* Work to complete
Nothing but an exact copy is asked for: the lines in the material below from the one with "Beautiful earrings and" through the one with "Tropiskt lägerskjorta med", pictures excluded.

* Material for this exercise
=-=-=-=-=

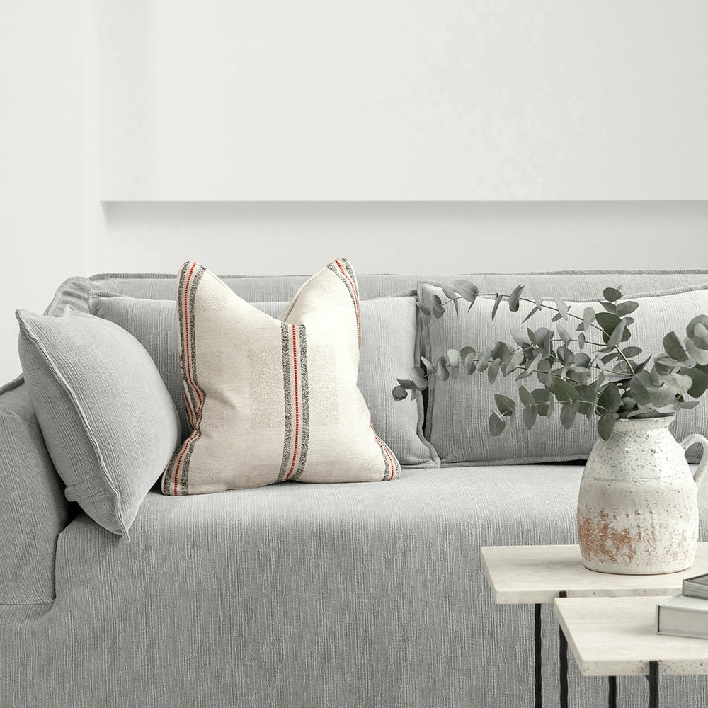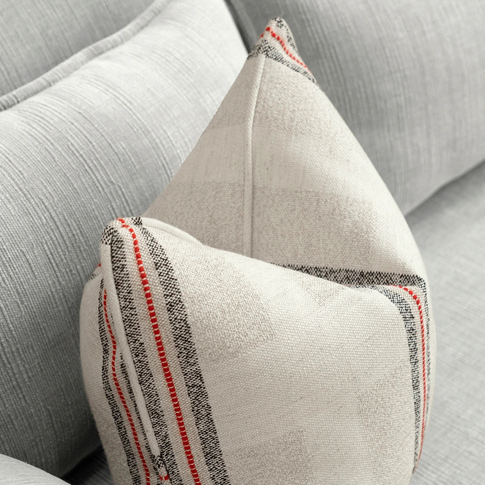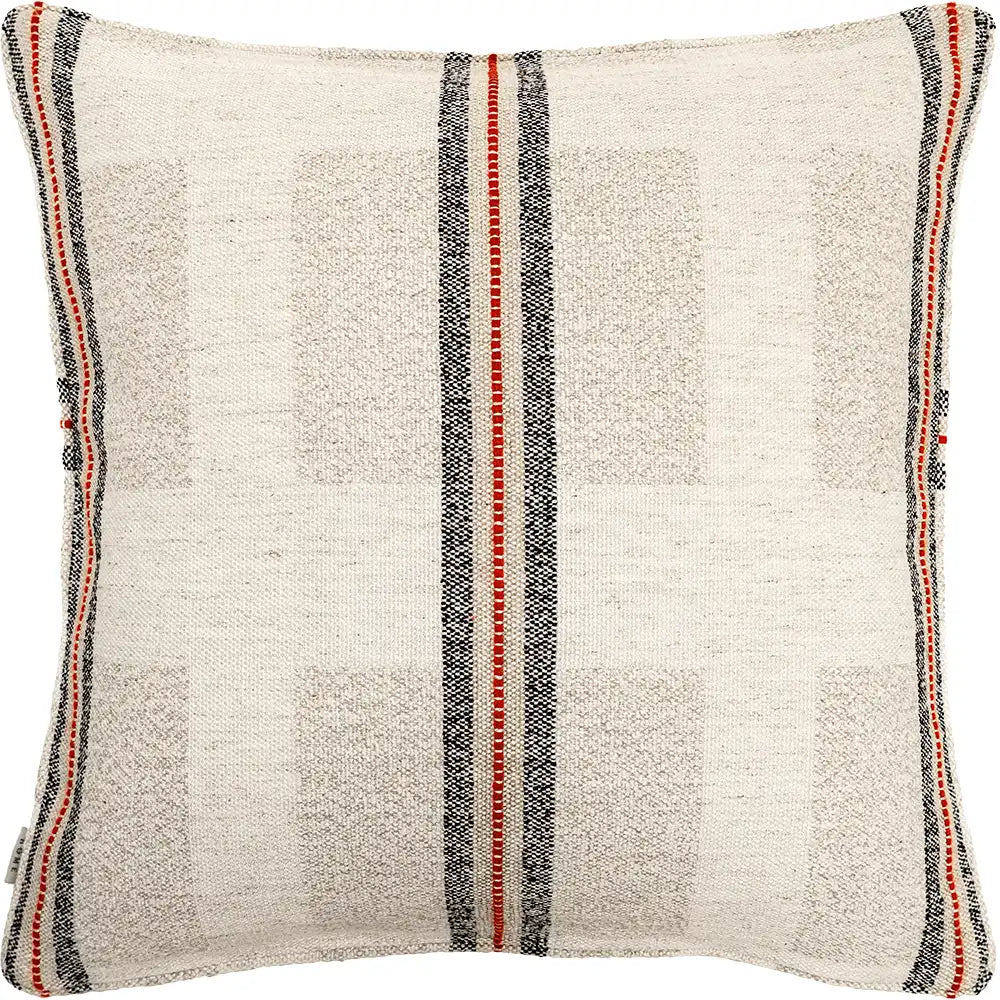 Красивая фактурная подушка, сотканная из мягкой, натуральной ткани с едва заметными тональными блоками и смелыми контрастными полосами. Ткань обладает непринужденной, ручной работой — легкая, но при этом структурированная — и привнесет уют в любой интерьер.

=-=-=-=-=

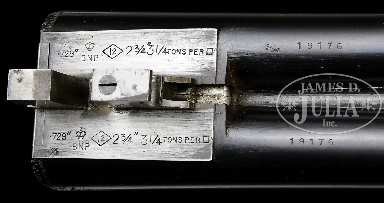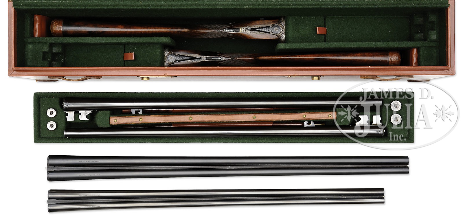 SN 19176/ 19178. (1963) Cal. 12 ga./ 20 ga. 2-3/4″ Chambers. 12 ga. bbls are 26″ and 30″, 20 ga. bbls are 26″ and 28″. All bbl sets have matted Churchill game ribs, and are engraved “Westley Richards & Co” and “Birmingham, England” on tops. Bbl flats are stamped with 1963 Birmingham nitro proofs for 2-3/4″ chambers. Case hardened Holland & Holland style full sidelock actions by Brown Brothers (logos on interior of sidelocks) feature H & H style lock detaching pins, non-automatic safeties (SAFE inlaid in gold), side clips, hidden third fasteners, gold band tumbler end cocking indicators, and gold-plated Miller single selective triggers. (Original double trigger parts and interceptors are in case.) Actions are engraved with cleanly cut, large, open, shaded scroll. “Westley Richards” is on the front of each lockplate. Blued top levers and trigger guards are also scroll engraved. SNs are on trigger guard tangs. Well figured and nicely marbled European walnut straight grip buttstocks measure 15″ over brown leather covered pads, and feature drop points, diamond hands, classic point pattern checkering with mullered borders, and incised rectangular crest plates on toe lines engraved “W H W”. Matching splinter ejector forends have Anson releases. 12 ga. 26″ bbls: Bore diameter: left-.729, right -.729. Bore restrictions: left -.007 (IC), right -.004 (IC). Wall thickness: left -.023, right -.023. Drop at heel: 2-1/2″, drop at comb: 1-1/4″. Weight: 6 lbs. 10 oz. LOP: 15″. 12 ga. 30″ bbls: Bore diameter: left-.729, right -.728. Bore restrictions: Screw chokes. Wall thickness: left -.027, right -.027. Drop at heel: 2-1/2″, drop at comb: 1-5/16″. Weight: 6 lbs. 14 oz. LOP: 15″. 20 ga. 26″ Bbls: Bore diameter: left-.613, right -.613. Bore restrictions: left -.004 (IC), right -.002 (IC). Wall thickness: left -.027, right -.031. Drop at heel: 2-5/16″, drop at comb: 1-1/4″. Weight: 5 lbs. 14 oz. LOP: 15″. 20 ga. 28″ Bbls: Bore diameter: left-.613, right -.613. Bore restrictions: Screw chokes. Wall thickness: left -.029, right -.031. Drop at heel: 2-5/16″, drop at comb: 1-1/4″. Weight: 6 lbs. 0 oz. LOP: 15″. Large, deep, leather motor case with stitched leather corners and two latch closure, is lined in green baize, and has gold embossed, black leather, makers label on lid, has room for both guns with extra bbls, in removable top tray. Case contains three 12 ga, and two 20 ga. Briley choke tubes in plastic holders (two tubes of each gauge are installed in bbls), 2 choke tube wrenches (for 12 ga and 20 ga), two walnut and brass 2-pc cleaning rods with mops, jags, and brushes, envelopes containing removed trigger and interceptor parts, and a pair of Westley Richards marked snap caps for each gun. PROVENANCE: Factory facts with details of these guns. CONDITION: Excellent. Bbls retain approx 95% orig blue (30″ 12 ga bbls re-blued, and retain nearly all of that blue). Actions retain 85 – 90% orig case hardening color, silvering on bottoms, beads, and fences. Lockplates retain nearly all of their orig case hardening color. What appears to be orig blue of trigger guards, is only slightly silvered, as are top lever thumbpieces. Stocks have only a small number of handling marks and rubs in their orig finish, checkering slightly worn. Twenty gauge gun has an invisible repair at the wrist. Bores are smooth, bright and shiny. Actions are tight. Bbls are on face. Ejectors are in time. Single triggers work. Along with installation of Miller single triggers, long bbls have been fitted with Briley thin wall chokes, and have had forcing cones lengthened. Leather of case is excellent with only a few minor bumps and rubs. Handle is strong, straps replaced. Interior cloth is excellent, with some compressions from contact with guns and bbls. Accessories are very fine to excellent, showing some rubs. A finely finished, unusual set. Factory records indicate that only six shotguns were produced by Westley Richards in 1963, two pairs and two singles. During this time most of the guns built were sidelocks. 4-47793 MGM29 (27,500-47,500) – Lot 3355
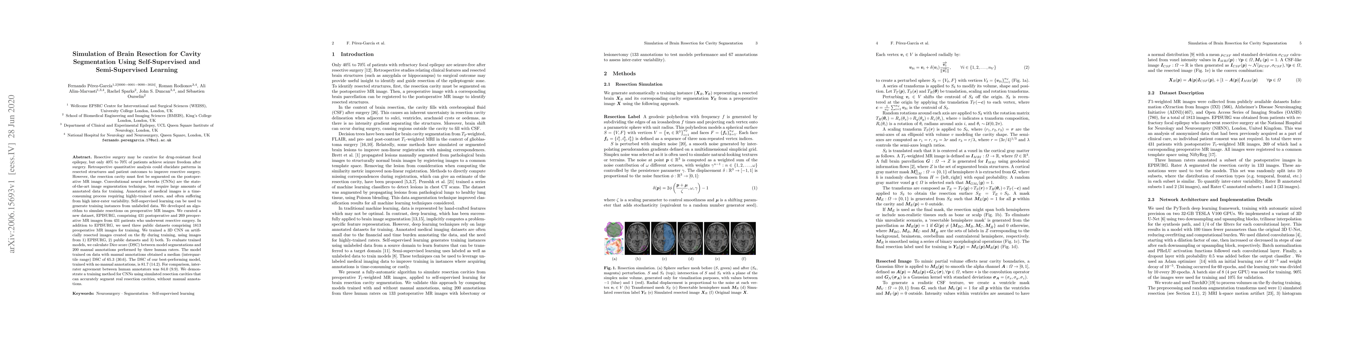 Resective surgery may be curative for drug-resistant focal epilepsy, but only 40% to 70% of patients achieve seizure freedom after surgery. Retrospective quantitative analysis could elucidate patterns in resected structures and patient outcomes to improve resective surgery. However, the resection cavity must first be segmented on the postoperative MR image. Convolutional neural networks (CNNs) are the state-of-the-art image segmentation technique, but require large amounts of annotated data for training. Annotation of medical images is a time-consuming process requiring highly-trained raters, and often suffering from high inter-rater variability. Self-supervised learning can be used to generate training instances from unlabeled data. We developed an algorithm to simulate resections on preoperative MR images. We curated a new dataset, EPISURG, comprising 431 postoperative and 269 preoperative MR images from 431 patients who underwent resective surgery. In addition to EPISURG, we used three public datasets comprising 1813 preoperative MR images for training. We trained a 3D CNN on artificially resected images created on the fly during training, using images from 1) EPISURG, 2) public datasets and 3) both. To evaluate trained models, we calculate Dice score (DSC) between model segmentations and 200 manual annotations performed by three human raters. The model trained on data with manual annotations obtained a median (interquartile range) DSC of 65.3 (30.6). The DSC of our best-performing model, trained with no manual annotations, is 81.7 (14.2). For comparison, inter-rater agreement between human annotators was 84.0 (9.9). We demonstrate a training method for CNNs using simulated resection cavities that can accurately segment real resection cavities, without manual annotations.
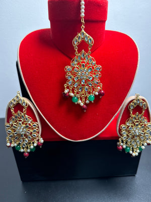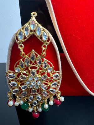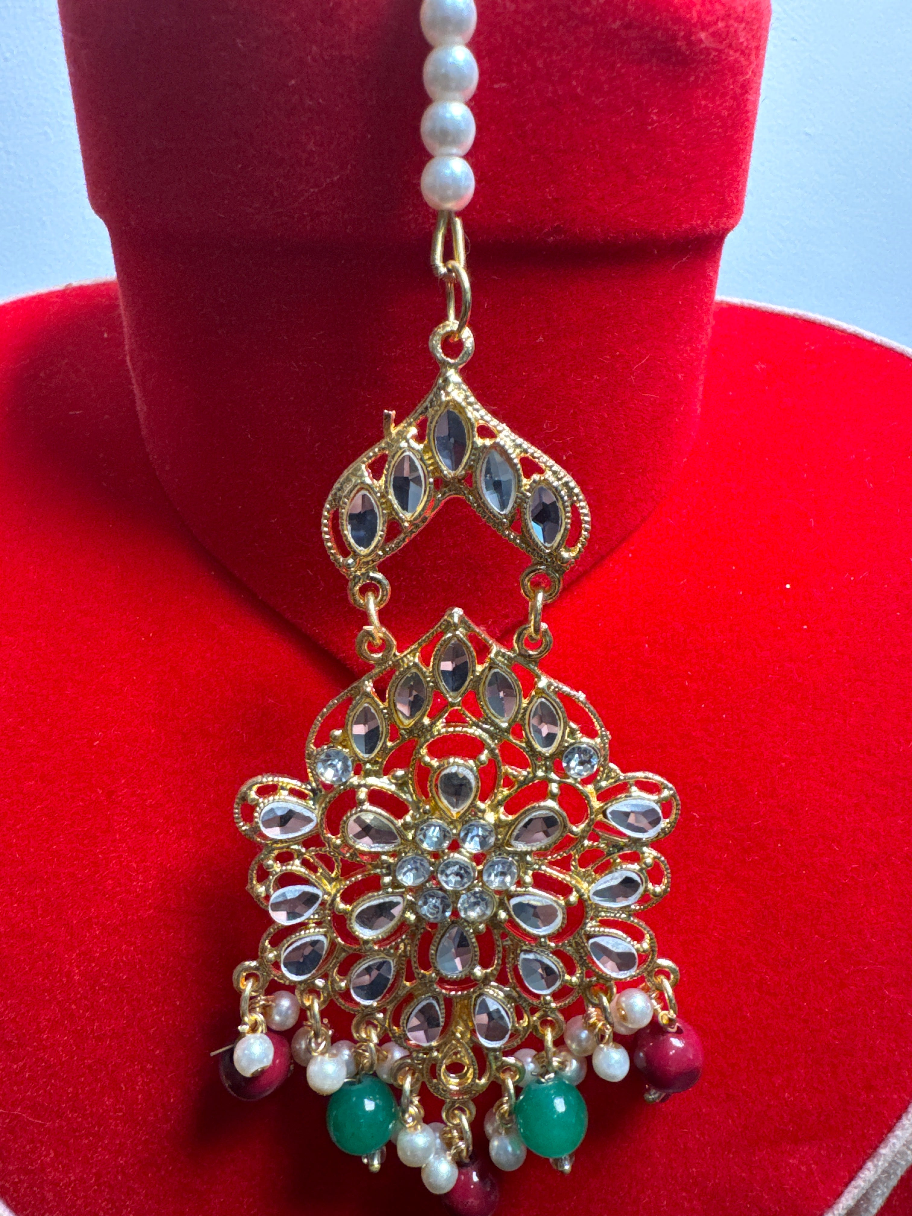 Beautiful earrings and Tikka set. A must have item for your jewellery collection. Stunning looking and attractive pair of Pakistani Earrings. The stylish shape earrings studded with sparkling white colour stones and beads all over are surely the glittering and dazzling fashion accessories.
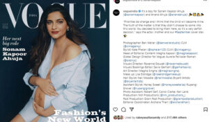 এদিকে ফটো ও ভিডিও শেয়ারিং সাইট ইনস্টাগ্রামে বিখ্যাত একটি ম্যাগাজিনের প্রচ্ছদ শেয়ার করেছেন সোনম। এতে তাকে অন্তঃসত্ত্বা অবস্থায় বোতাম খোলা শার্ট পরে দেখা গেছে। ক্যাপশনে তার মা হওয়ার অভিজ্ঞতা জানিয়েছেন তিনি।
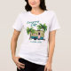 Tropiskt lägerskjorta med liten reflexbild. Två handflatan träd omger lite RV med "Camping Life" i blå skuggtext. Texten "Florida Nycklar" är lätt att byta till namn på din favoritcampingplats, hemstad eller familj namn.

=-=-=-=-=

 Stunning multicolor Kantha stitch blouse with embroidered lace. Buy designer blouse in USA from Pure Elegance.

=-=-=-=-=

* Answer to the problem
 Beautiful earrings and Tikka set. A must have item for your jewellery collection. Stunning looking and attractive pair of Pakistani Earrings. The stylish shape earrings studded with sparkling white colour stones and beads all over are surely the glittering and dazzling fashion accessories.
 এদিকে ফটো ও ভিডিও শেয়ারিং সাইট ইনস্টাগ্রামে বিখ্যাত একটি ম্যাগাজিনের প্রচ্ছদ শেয়ার করেছেন সোনম। এতে তাকে অন্তঃসত্ত্বা অবস্থায় বোতাম খোলা শার্ট পরে দেখা গেছে। ক্যাপশনে তার মা হওয়ার অভিজ্ঞতা জানিয়েছেন তিনি।
 Tropiskt lägerskjorta med liten reflexbild. Två handflatan träd omger lite RV med "Camping Life" i blå skuggtext. Texten "Florida Nycklar" är lätt att byta till namn på din favoritcampingplats, hemstad eller familj namn.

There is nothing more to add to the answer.